Le Dr Denis Boucq, chirurgien plasticien, a été assigné en justice devant le juge des référés du tribunal de Nice. Il est mis en cause dans la mort de sa patiente, Edwige Ligoneche, décédée d’un lymphome alors qu’elle portait des prothèses PIP. La sœur de la victime lui réclame 322 000 euros. Il s’explique.

 

 

 

Egora.fr : Pourquoi êtes-vous assigné en justice ?

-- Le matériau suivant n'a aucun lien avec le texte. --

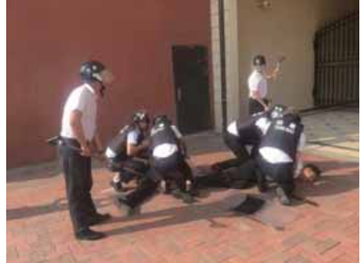
奧萊特斯項目安全應急演練現場
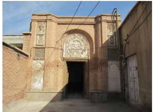
تصویر ۲. نمای رو به معبر شمالی خانه شربت‌اوغلی. عکس: سمیه جلالی میلانی، ۱۳۹۵.

حال باید دید که چه مباحثی می‌تواند تأمین‌کننده تجربه عملی لازم برای توصیف پیش‌آیکنوگرافیک نمای خانه شربت اوغلی باشد؛ معنای طبیعی این نما چگونه قابل دستیابی است و تاریخ سبک‌ها به چه نحو می‌تواند برای پیشگیری از بروز خطا در توصیف به کمک آید.
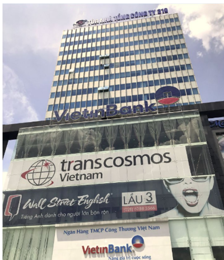
＜「ホーチミン第三センター」を開設する Pico Plaza 外観＞

新しい商業ビル内に「ホーチミン第三センター」を新設、既存の「ハノイセンター」を拡張し、ベトナム国内 1,750 席にトランスコスモス株式会社(本社:東京都渋谷区、代表取締役社長兼 COO:奥田昌孝)は、ベトナム ホーチミンに新たなオペレーション拠点「ホーチミン第三センター」を設立、また、既存の「ハノイセンター」を拡張しました。ベトナム全域では 5 拠点、1,750 席の規模となります。
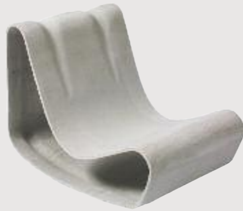
GUHL stuhl/chair 79 x 54 x 61 cm
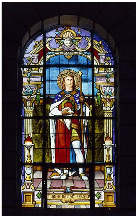
Saint Louis, roi de France : baie 3 réalisée par l'atelier Vve J. Beyer et fils aîné à la fin du 19e siècle ou au début du 20e (grand personnage debout dans un encadrement d'architecture de style Renaissance).
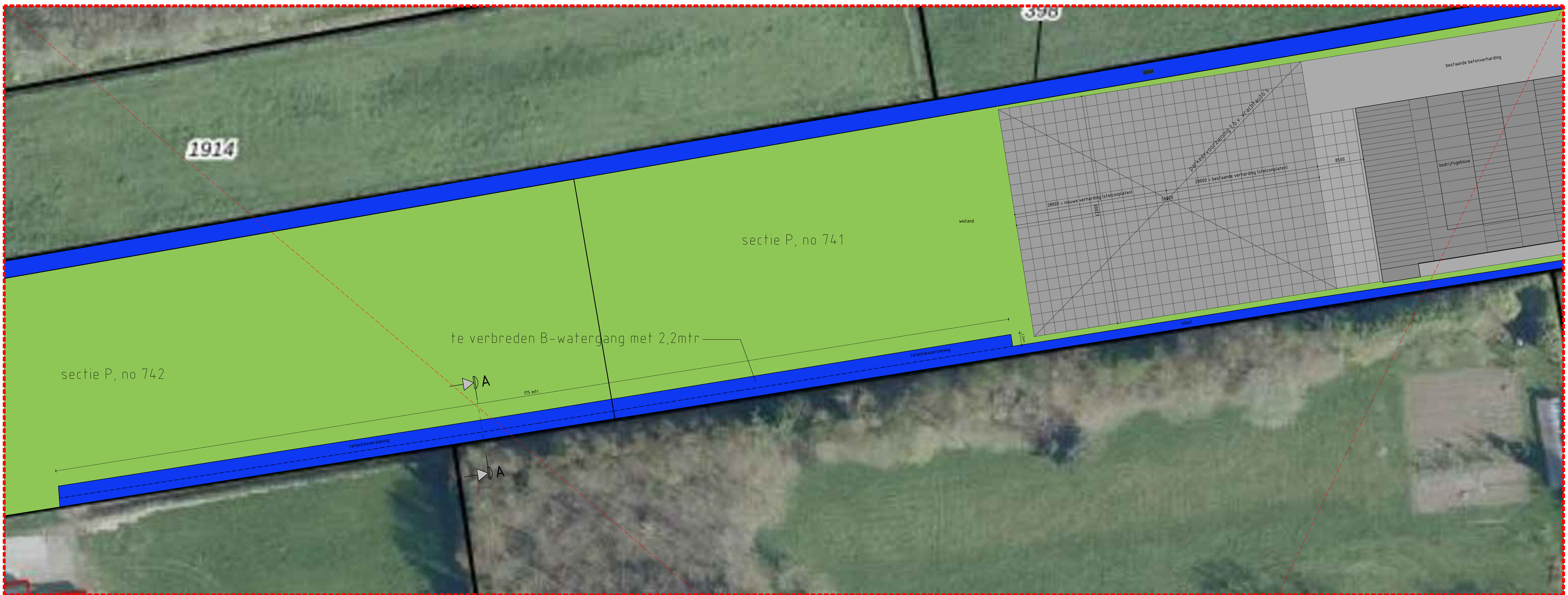
Plattegrond parkeervoorziening schaal 1 op 250
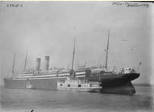
■(圖三)孫中山於1911年11月2日乘坐圖中的「亞德里亞海號」，從美國前往英國，至同月10日抵埗。
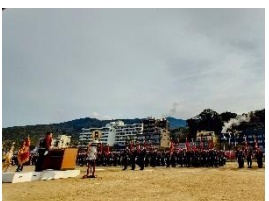
雲仙市消防出初式 12 月
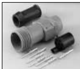
L4.75623.E Schaltbau connector (female) without coupling ring Schaltbau Stecker (Buchsenkontakt) ohne Überwurfmutter
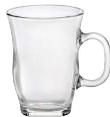
4022A R06 エッフェルマグ ¥680(本体価格)
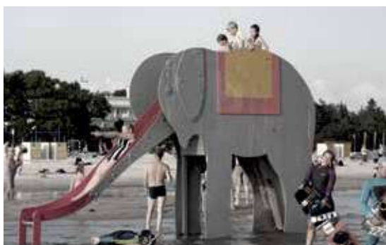
Rannaelevant 2013. aasta
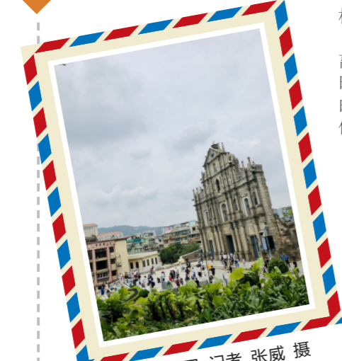
▲澳门大三巴

在众多热门旅游景点中,考虑到疫情、交通等因素,“五一”假期,最终我和家人决定去澳门旅游。
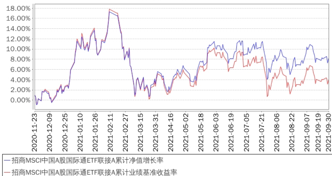
招商MSCI中国A股国际通ETF联接A累计净值增长率与同期业绩比较基准收益率的历史走势对比图

Dr Denis Boucq. Je ne fais pas l’objet d’une plainte, comme cela a été rapporté dans certains journaux, mais d’une procédure en référé qui est également exercée à l’encontre de la clinique Mozart, où j’exerce. C’est  Katia Colombo, la sœur d’Edwige Ligoneche, qui m’accuse. Cette procédure est destinée à obtenir une provision de 37 000 euros sur l’indemnisation des préjudices définitifs qui sont demandés par une assignation sur le fond, qui elle me réclame 322 000 euros, dont 50 000 euros au titre du préjudice d’affectant.

L’audience était prévue le 14 juin dernier. Elle n’a pas eu lieu, parce que Maître Colombani, l’avocate de Katia Colombo, avait omis d’enrôler son assignation. Elle devra donc refaire toute la procédure et je pense que cela devrait avoir lieu aux alentours du 18 juillet. Je n’ai encore rien reçu officiellement.

 

Dans l’affaire PIP, vous êtes le seul chirurgien dont on parle. N’avez-vous pas le sentiment de régler l’addition pour les autres ?

Je rappelle qu’il y a entre 400 000 à 500 000 femmes qui portent des prothèses PIP dans le monde, dont près de 30 000 en France. J’ai été mis dans le jour médiatique parce que j’étais le chirurgien d’Edwige Ligoneche qui est décédée d’un lymphome et qui a présenté également une rupture d’un implant PIP. Il y a beaucoup de femmes qui ont présenté des ruptures d’implants PIP et qui n’ont pas de lymphome. Par ailleurs, beaucoup de femmes portent des prothèses PIP, mais aucune n’a un lymphome. Edwige Ligoneche est le seul cas.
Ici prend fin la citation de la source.